Muse, Wembley Stadium, London
Giant-killers triumph as the house band fit for a stadium
Monday 18 June 2007
Talk about unlikely glories. Granted, Muse and Wembley Stadium have much in common. Neither major in subtlety or stealth: one sits under a skyline-dominating arch so vast you could probably fly a decent-sized plane through it; the other dominates contemporary rock with a sound so vast it could probably give the volume of said plane taking off a run for its money.

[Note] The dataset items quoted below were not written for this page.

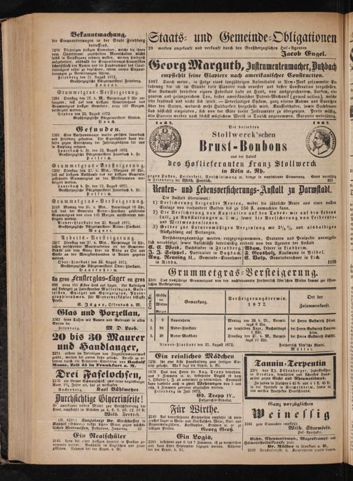 2291 Dienstag den 27. d. M., Vormittags 9 Uhr an⸗ fangend, soll auf dem hiesigen Gemeindehaus das Grummetgras hiesiger Gemeinde, eirca 150 Morgen, verfteigert werden. Staden den 22. August 1872. Großherzogliche Bürgermeisterei Staden. Dau ch. Gefunden. 2301 Eine Vorspannwaage wurde zwischen Fauerbach und Friedberg gefunden. Der Eigenthümer kann die⸗ selbe gegen Entrichtung der Inseratgebühren bei uns in Empfang nehmen. Fauerbach b. Fr. den 22. August 1872. Großherzogliche Bürgermeisteret Fauerbach b. Fr. Helfrich.
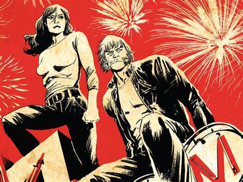 We have jumped forward to 1976, and our characters have scattered to the wind since we left them. Skinner Sweet, having been rendered mortal after his last tangle with the Gray Trader a decade prior, has accepted that he can’t regain his immortality and has decided to become a stuntman in hopes of going out in a blaze of glory. So when he’s approached by Pearl with one more mission, we find out what all our vampires have been up to leading up to the American Bicentennial. Pearl is barely holding things together with the VMS, Felicia is on a mission to save Gus from the Gray Trader who has taken him hostage, Travis Kidd blames himself for the loss of Gus, and we find out that Jim Book has returned to the fold and has been Pearl’s partner for a number of years. Oh, and Mimiteh has come back as well (and HOORAY, she isn’t just a stereotype AND he has clothing this time around). I loved that this took place in 1976, in a year that American was celebrating its history in the face of a lot of bleakness (the loss of the Vietnam war, post-Watergate disillusionment, etc), and as the VMS has to try and stop an apocalypse that is going to happen during the Bicentennial celebration. It��s a great tone, and a great way for the story to wrap up as America has it’s own, in a way, reflection moment. And the big last showdown with the Gray Trader and it’s final push to destroy the world was well thought out and had high stakes and lots of suspense.
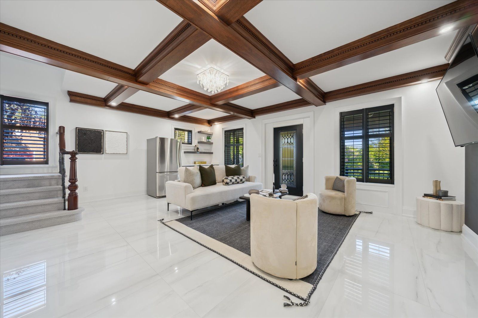 Welcome to your dream home close to the lake - a place that celebrates individuality, community, and connection. Nestled just steps from whitby's stunning waterfront, this spectacular 4-bedroom residence offers over 4,000 sq ft of thoughtfully designed space - where sophistication meets serenity. Wake up to peaceful river views and enjoy your morning coffee on the wraparound porch overlooking the park - an inviting space where friends gather, paddle boards launch, and sunsets linger. Inside, experience grand 11-ft ceilings, a beautiful two-way fireplace, and refined details like 8-ft doors, california shutters, and a custom waffle ceiling in the office - perfect for working or creating in style. The chef-inspired kitchen features bosch appliances, quartz countertops, and a 6-burner gas stove - ideal for entertaining, hosting dinner parties, or simply living your best life. A main-floor bedroom with a 3-piece bath offers flexibility for guests or multigenerational living. Upstairs, your primary suite is a private retreat with a spa-like ensuite featuring heated floors and a victoria + albert soaker tub. Step out onto your private second-floor terrace or retreat to the above-garage loft - a peaceful, light-filled space perfect for a home studio, office, or meditation nook. The basement features a separate entrance with plumbing and electrical ready for a future suite - offering versatility for guests, creative space, or potential rental income. All this, in one of whitby's most desirable lakeside communities - where nature, connection, and inclusivity thrive. Love where you live!
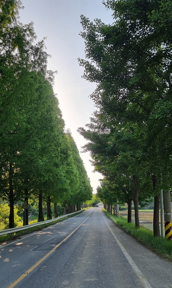 저녁 무렵이라 키다리 메타나무가 서 있는 길
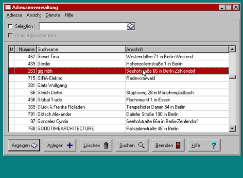 Adressenverwaltung - Hauptbildschirm
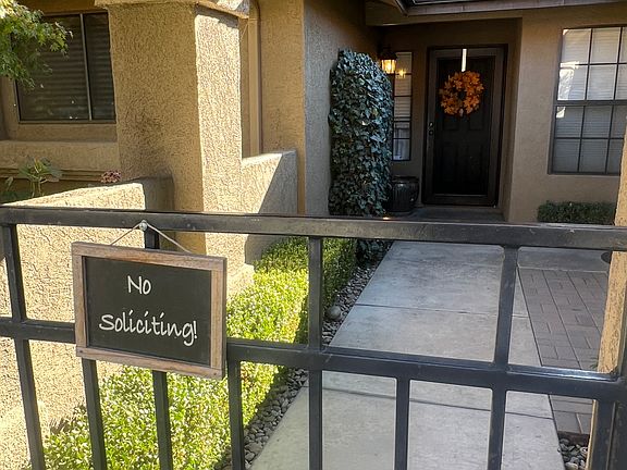 Spacious 3 bedrooms, 2 baths home with attached 2 cars garage. Charming courtyard entrance. Large eat-in kitchen with ample cabinet space, granite countertops and complete with refrigerator, electric range , dishwasher, and microwave hood. Large great room with vaulted ceilings, newer laminate flooring throughout. One bedroom can be used as an office. Inside laundry area. Expansive primary suite with private bathroom featuring double sink vanity, jetted bathtub, stall shower and walk in closet. Beautiful, low maintenance yard with side and back covered patios. Large 3 cars driveway. Close walking distance to Orchard Elementary and within a short drive of James Enochs High school. Come see this home and start making your move.
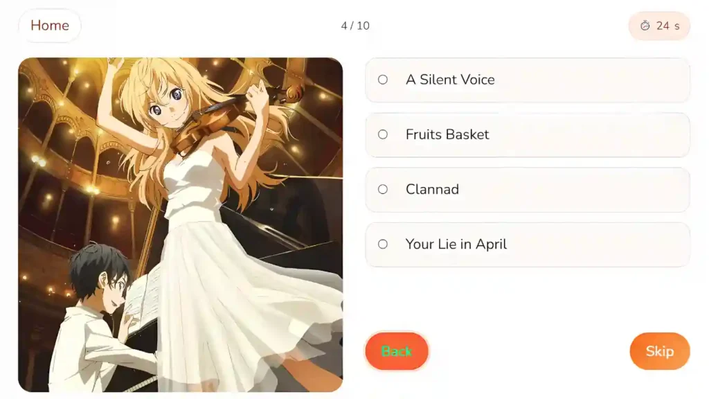 This is an interactive anime image quiz where each round shows a random picture from a well-known anime. Your job is simple. Identify the anime correctly before moving to the next one.

But there's also something fabulously implausible about Muse's path to Wembley Stadium. If you had been asked in 1997 who would be the first band to sell out this expensively reappointed venue, you wouldn't have put money on a trio from Teignmouth who channel the pomp of prime-era Queen through Rush-styled prog-rock, 1990s guitar-rock dynamics, falsetto-fuelled symphonics and loopy conspiracy-theory lyrics about aliens and the like. A band once dismissed as a daft version of Radiohead for doom-metal teenagers, at that.
Last year, before unfinished building work forced a hasty relocation of the gig, the Eighties pin-up poodle-rockers Bon Jovi were scheduled to open the new Wembley. See the difference?
In the event, the supports helped set the tone of unlikely success. To a rapturous reception, the Mexican acoustic-guitar duo Rodrigo y Gabriela somehow managed to cut fresh routes through hoary heavy-rock classics such as "Smoke on the Water". Dirty Pretty Things proved ordinary by comparison, but The Streets won over the fiercely partisan Muse faithful with much charm, Mike Skinner even gamely trying to re-enact the clap-along moment from Queen's "Radio Ga Ga" at Live Aid.
Muse's glory wasn't to be stolen, though. It takes them roughly half a minute to grab the show by the scruff of the neck. Framed by explosions of glitter and backed by a bombastic orchestral overture, they rise through a stage in the centre of the crowd and stride to the main stage via a walkway. Once there, the singer, Matt Bellamy, teases out the Close Encounters of the Third Kind theme tune from his guitar before tearing into the galloping mariachi-metal of "Knights of Cydonia". It's an attention-grabbing entrance, even before you take into account the drummer, Dom Howard's, retina-scorching, lime-green jeans and Bellamy's hot chilli pepper of a red suit.
As a spectacle, the show is eye-catching. Huge balloons behind the stage exude an extra-terrestrial glow as screens flash out a flurry of slogans and images.
During "New Born", five giant satellite dishes cast baleful spotlight eyes over the crowd, like the war machines inWar of the Worlds. In the encores, during the symphonic lullaby "Blackout", two balloons rise high over the heads of the audience with two white-clothed acrobats suspended from them, an eerie, graceful, Man Who Fell to Earth-ish visual coup that invokes 70,000 or so ecstatic "Ooohs" and "Aaaahs".
Happily, the music is a muscular match for the bells-and-whistles production. "Hysteria" and "Supermassive Black Hole" state the case: anything less than super-massive hysteria won't do for this occasion.
The latter's Prince-styled funk-grunge hits an irresistibly cocky stride, before an elegantly propulsive "Map of the Problematique" inflates Eighties-styled synth-rock to stadium size. Even during the set's space-rock-Liberace mid-section, as Bellamy teases out glissandos from a grand piano, the intensity overrides any charges of ridiculousness with one central certainty: this rocks, in a big way.
In a Queenly way, too. "Invincible" mines communal catharsis with the shamelessly anthemic grandiosity of "We Are the Champions", before the pulse-pounding pop of "Starlight" unites the audience in a clap-along that, after Mike Skinner's winningly witty attempt, invokes "Radio Ga Ga" in excelsis. If Queen seemed like Wembley Stadium's house band during the mid to late Eighties, Muse grab that crown with both hands. Unlikely as it might once have looked, Muse really were the right band for this job.